First and second members 12, 14 can also be secured by a plurality of C-section bridges 16 as shown in FIG. 5. Accordingly, first and second members 12, 14 would include a plurality of channels 18, 22 therein for receiving anchor arms 16b, 16c, and a plurality of holes 20, 24 for securing means 26 to connect C-section bridges 16 to first and second members 12, 14.

In another embodiment of the invention, first and second members 12, 14 of brake caliper 10 do not have channels 18, 22 formed therein. Instead, the outside face of C-section bridge 16 abuts the inside face of first and second members 12, 14, such that holes 16d, 16e in C-section bridge 16 coaxially align with holes 20, 24 in first and second members 12, 14.

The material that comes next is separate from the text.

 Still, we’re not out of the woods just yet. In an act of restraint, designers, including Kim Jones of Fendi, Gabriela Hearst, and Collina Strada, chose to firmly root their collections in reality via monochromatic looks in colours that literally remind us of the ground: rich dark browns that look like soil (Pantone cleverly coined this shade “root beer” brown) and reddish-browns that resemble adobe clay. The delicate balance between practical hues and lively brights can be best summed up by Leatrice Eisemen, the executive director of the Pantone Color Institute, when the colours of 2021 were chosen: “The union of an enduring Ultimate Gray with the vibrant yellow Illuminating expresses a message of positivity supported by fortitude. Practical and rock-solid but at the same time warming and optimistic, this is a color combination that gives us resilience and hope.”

Another embodiment of the invention is shown in FIG. 6. Referring to FIG. 6, an E- section cage 30 connects the first and second housing members 12, 14. In contrast to the C- section bridge 16 shown in FIG. 3, this type of cage can be described as an E-section because of its profile. The E-section cage 30 has a top rectangular frame 32 which includes two side members 34, 36 joined approximately at the midpoint by a cross member 38. At the midpoint of each respective side member 34, 36 where the cross member 38 is connected, each side member 34, 36 is connected to a downward anchor 40. The two respective downward anchors 40 are not unlike the anchors on the C-section bridge 16 in that each anchor 40 has at least one hole 40a formed therein to be in substantial alignment with holes 20 on the first and second housing members 12, 14. The respective ends of the side members 34, 36 are connected by endplates 42. It should be noted that the center portion of each endplate 42 can be cut-out to reduce weight as shown in FIG. 6, with the endplate 42 tabbed on the bottom edge as shown. Integral to the outside face of each respective endplate 42 is a shoulder block 44 that is recessed with respect to the side edges of endplate 42. Each shoulder block 44 has at least one hole 44a formed therein to be in substantial alignment with holes 44b on the first and second housing members 12, 14.

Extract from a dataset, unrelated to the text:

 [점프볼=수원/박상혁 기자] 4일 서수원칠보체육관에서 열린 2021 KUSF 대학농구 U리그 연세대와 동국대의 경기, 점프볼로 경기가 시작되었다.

In the preferred embodiment as shown in FIG. 6, the inboard surface of each respective housing member 12, 14 is recessed in relation to the raised shoulders of housing member 12, 14. The recessed inboard surfaces of first and second housing members 12, 14 are such that the endplates 42 and anchors 40 on rectangular frame 32 of E-section cage 30 fit between the recessed surfaces when first and second housing members 12, 14 are assembled. When rectangular frame 32 of E-section cage 30 is fitted between the recessed surfaces of first and second housing members 12, 14, the recessed shoulder blocks 44 on endplates 42 fit with the raised surfaces of the shoulders on first and second housing members 12, 14. A securing means,

such as a bolt, capable of passing through holes 20 in first and second housing members 12, 14 and engaging holes 40a in anchors 40, acts to secure first and second members 12, 14 to E- section cage 30. In addition, other securing means, capable of passing through holes 44b in first and second housing members 12, 14 and engaging holes 44a in shoulder blocks 44 of E-section cage 30, act to further secure first and second members 12, 14 to E-section cage 30.

The embodiments described herein demonstrate an improved brake caliper having reinforced bridge. This brake caliper design will reduce the clam shell effect. Although the present invention has been described in considerable detail with reference to certain preferred versions thereof, other versions are possible. Therefore, the spirit and scope of the appended claims should not be limited to the description of the preferred versions contained therein.